An abdominal ultrasound scan is the third piece, useful but operator-dependent: the changes it shows can lag behind how the animal actually feels, so a normal scan does not exclude the disease either, and in cats it is less sensitive again (Cridge et al., 2021). None of this means tests are useless. It means pancreatitis is read as a picture built from signs, blood and imaging, where no single number says yes or no, and a vet may sensibly treat a strong suspicion even when one test sits on the fence.

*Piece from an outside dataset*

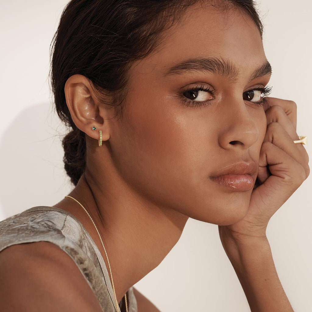 Luxe ear layering featuring Pink Rhodolite and Green Quartz.

What this means for you, and the outlook
If your pet is unwell right now, with a sore belly and repeated vomiting, work out how urgent it is. Our Vomiting and Diarrhoea Triage walks you through "watch, book or go now", and a very painful belly, relentless vomiting or a collapsing pet is an emergency that the digestive emergencies guide covers. Over the longer haul, logging appetite, vomiting, stool and weight in the Faecal Score Tracker builds exactly the pattern that helps a vet spot a recurring or smouldering pancreas problem.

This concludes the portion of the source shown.